> **DATA SEGMENT**:
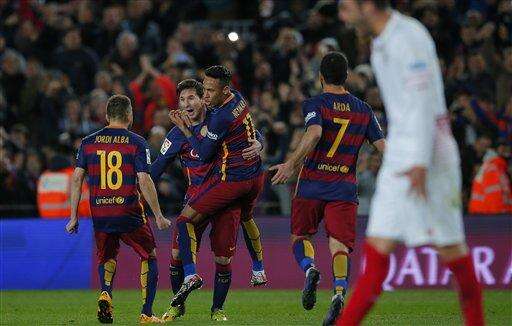 BARCELONA, Spain (AP) - Lionel Messi scored with an unstoppable free kick to help Barcelona come from behind to beat Sevilla 2-1 on Sunday, a record-equaling 34th game without loss that kept the champions on track to retain their Spanish league title.
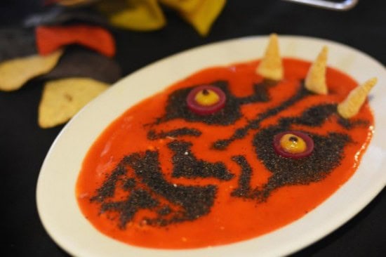 Yoda Key Lime CakeSlider Sampler featuring “The Sith” barbecue-braised brisket with cole slaw and “The Jedi” with barbecued pulled chicken with arugulaChips & Sith – hummus with red pepper coulis, black sesame dust, and corn tortilla chipsTrio of Thermal Detonators – spicy pork wings topped with spicy piquillo-pepper sauce and slawPilot’s Pomme Frites – these are tossed with parmesan cheese, garlic and parsley with a garlic aioli for dippingLightsaber Bites – hand-dipped corn-battered knockwurst sausages with house-made chips and mustard dipping sauceEnsalada Naboo – seared chicken breast, bibb lettuce, grape tomatoes, watermelon radish, almond frica, and a parmesan-peppercorn ranch dressingFruit and Cheese “Sabers” featuring Tillamook cheddar, Brie, goat cheese, pickled vegetables, crostini, cheddar crackers, blueberries, raspberries, honeydew melon, strawberry, olives and gherkinsTrio of Star Wars mini cupcakes, including Mini Darth Vader (chocolate-peanut butter), Mini Yoda (chocolate-hazelnut), and Mini Jabba the Hutt (salted caramel latte) served in the Han Solo Carbonite Souvenir BoxThe Dark Fried – Chicken and Darth Vader waffles served with maple syrup and sweet barbecue sauce
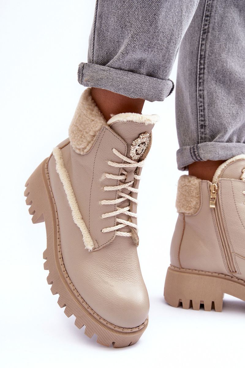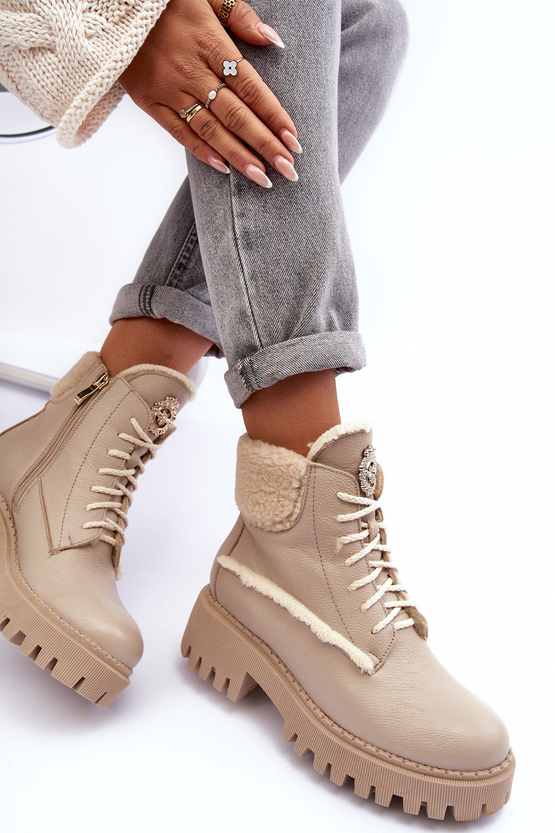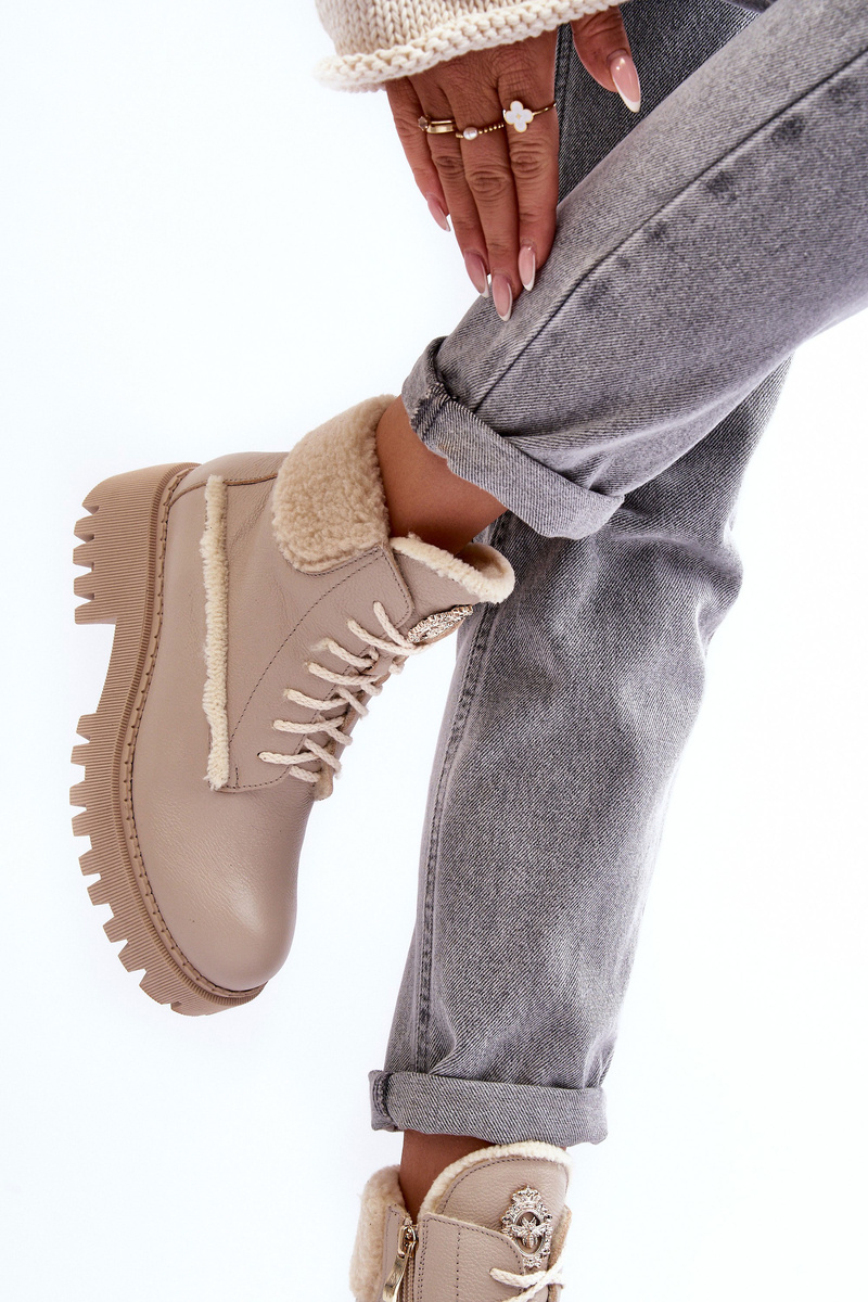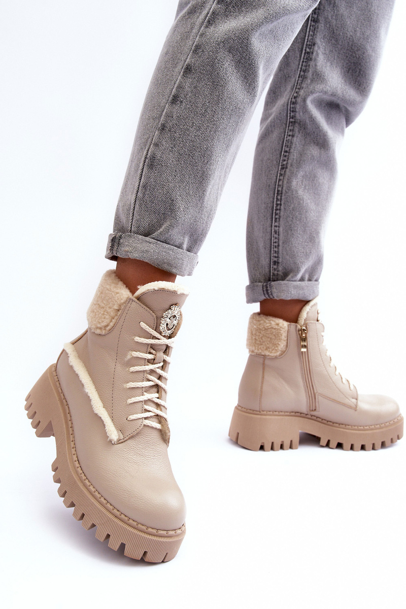 Boots in the form of trappers were mounted on a massive heel. Tread sole. There is a decorative element on the tongue. The hiking boots are made of high-quality natural leather. Inside, the boots are insulated with wool. This model has lacing and a zipper on the side of the upper. Additionally, the heel counter is stiffened. When choosing a size, please use the size chart.
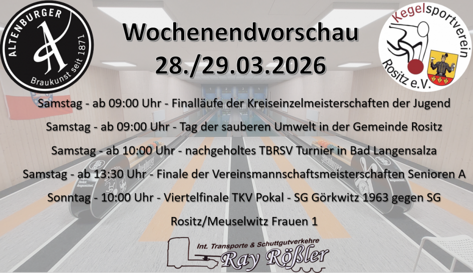 Ebenfalls am Vormittag starten unsere Handicap-Sportler ihr Nachholturnier in Bad Langensalza. Samstagmittag geht es für einige Rositzer Senioren mit der KKV-Auswahl zum Finale in Zeulenroda.

> **WHAT THE TASK ASKS**: Without the pictures, copy the material exactly as given.

> **EXERCISE RESULT**:
 BARCELONA, Spain (AP) - Lionel Messi scored with an unstoppable free kick to help Barcelona come from behind to beat Sevilla 2-1 on Sunday, a record-equaling 34th game without loss that kept the champions on track to retain their Spanish league title.
 Yoda Key Lime CakeSlider Sampler featuring “The Sith” barbecue-braised brisket with cole slaw and “The Jedi” with barbecued pulled chicken with arugulaChips & Sith – hummus with red pepper coulis, black sesame dust, and corn tortilla chipsTrio of Thermal Detonators – spicy pork wings topped with spicy piquillo-pepper sauce and slawPilot’s Pomme Frites – these are tossed with parmesan cheese, garlic and parsley with a garlic aioli for dippingLightsaber Bites – hand-dipped corn-battered knockwurst sausages with house-made chips and mustard dipping sauceEnsalada Naboo – seared chicken breast, bibb lettuce, grape tomatoes, watermelon radish, almond frica, and a parmesan-peppercorn ranch dressingFruit and Cheese “Sabers” featuring Tillamook cheddar, Brie, goat cheese, pickled vegetables, crostini, cheddar crackers, blueberries, raspberries, honeydew melon, strawberry, olives and gherkinsTrio of Star Wars mini cupcakes, including Mini Darth Vader (chocolate-peanut butter), Mini Yoda (chocolate-hazelnut), and Mini Jabba the Hutt (salted caramel latte) served in the Han Solo Carbonite Souvenir BoxThe Dark Fried – Chicken and Darth Vader waffles served with maple syrup and sweet barbecue sauce
 Boots in the form of trappers were mounted on a massive heel. Tread sole. There is a decorative element on the tongue. The hiking boots are made of high-quality natural leather. Inside, the boots are insulated with wool. This model has lacing and a zipper on the side of the upper. Additionally, the heel counter is stiffened. When choosing a size, please use the size chart.
 Ebenfalls am Vormittag starten unsere Handicap-Sportler ihr Nachholturnier in Bad Langensalza. Samstagmittag geht es für einige Rositzer Senioren mit der KKV-Auswahl zum Finale in Zeulenroda.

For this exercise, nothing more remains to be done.